ECLI:NL:CRVB:2004:AR4944
Centrale Raad van Beroep
- Hoger beroep
- B.J. van der Net
- Rechtspraak.nl
Privaatrechtelijke dienstbetrekking van aandeelhouder/directeur en gezagsrelatie tot vennootschap
In deze zaak, behandeld door de Centrale Raad van Beroep, gaat het om de vraag of een directeur/aandeelhouder, die 40% van de aandelen in een holding bezit, in een privaatrechtelijke dienstbetrekking werkzaam is bij de vennootschap. De zaak is ontstaan na de inwerkingtreding van de Wet structuur uitvoeringsorganisatie werk en inkomen op 1 januari 2002, waarbij de Raad van bestuur van het Uitvoeringsinstituut werknemersverzekeringen (Uwv) in de plaats trad van het Landelijk instituut sociale verzekeringen (Lisv).

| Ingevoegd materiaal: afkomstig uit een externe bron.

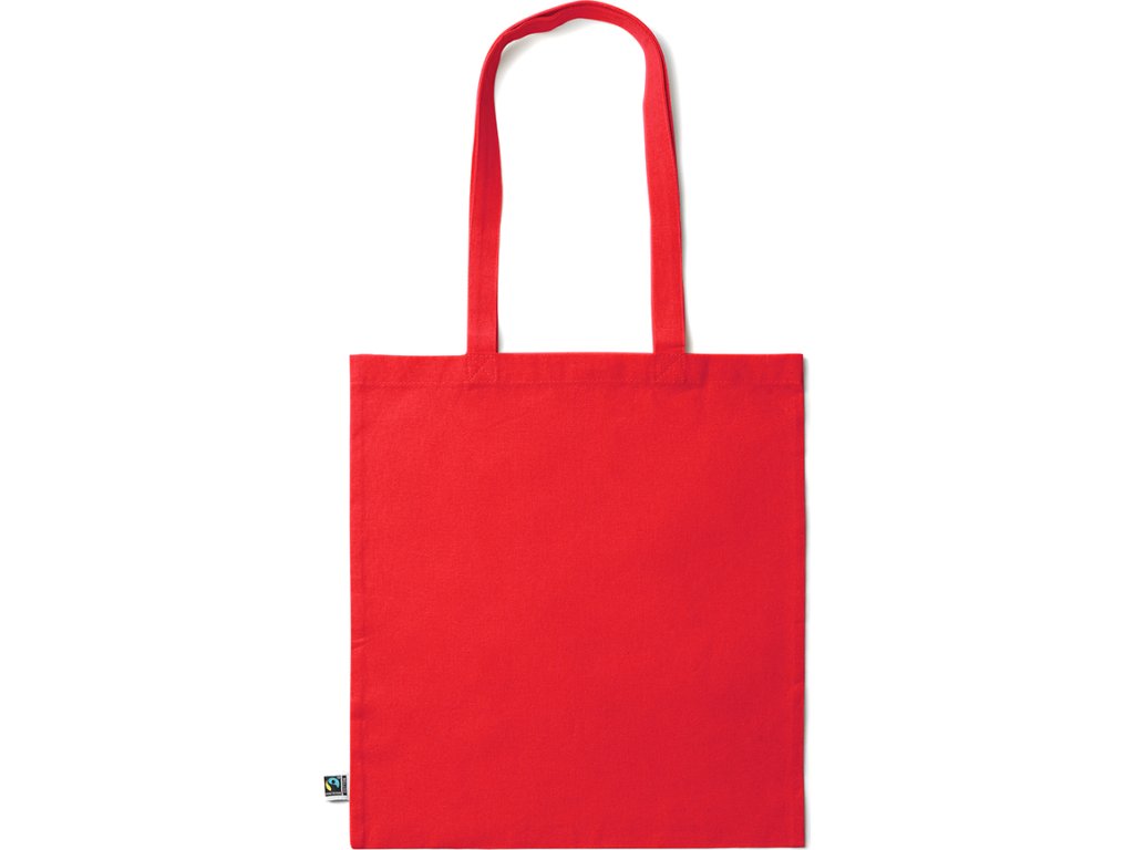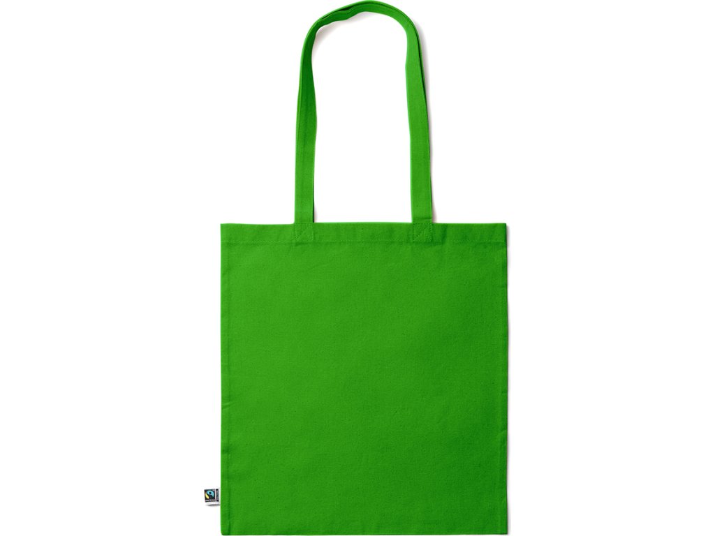 Barevná Tote bag ze 100% Fairtrade bavlny (180 g/m²), se zesílenými 70 cm dlouhými uchy.

De appellante, vertegenwoordigd door belastingadviseur drs. M.A.J. Verhoeven Fb., ging in hoger beroep tegen een uitspraak van de rechtbank 's-Hertogenbosch van 17 juli 2002. Tijdens de zitting op 16 september 2004 was appellante niet aanwezig, maar gedaagde was vertegenwoordigd door L.E. Willemen en mr. C.J.M. Kluytmans.
De centrale vraag was of de directeur/aandeelhouder, die samen met een mededirecteur 60% van de aandelen bezit, in een gezagsrelatie tot de vennootschap staat. De rechtbank had deze vraag bevestigend beantwoord. Appellante betoogde dat de directeur/aandeelhouder niet tegen zijn wil kan worden ontslagen, verwijzend naar een stemovereenkomst tussen de aandeelhouders. De Raad overwoog dat de statutaire bepalingen niet uitsluiten dat de directeur/aandeelhouder geconfronteerd kan worden met gezagsuitoefening in de algemene vergadering, vooral gezien de aandelenverhouding.
De Raad concludeerde dat er geen uitzonderingssituatie aanwezig was die zou leiden tot een andere conclusie dan die van de rechtbank. De stemovereenkomst werd niet als doorslaggevend beschouwd, en de Raad bevestigde de eerdere uitspraak. De beslissing werd op 28 oktober 2004 openbaar gemaakt door mr. B.J. van der Net, met mr. L.M. Reijnierse als griffier.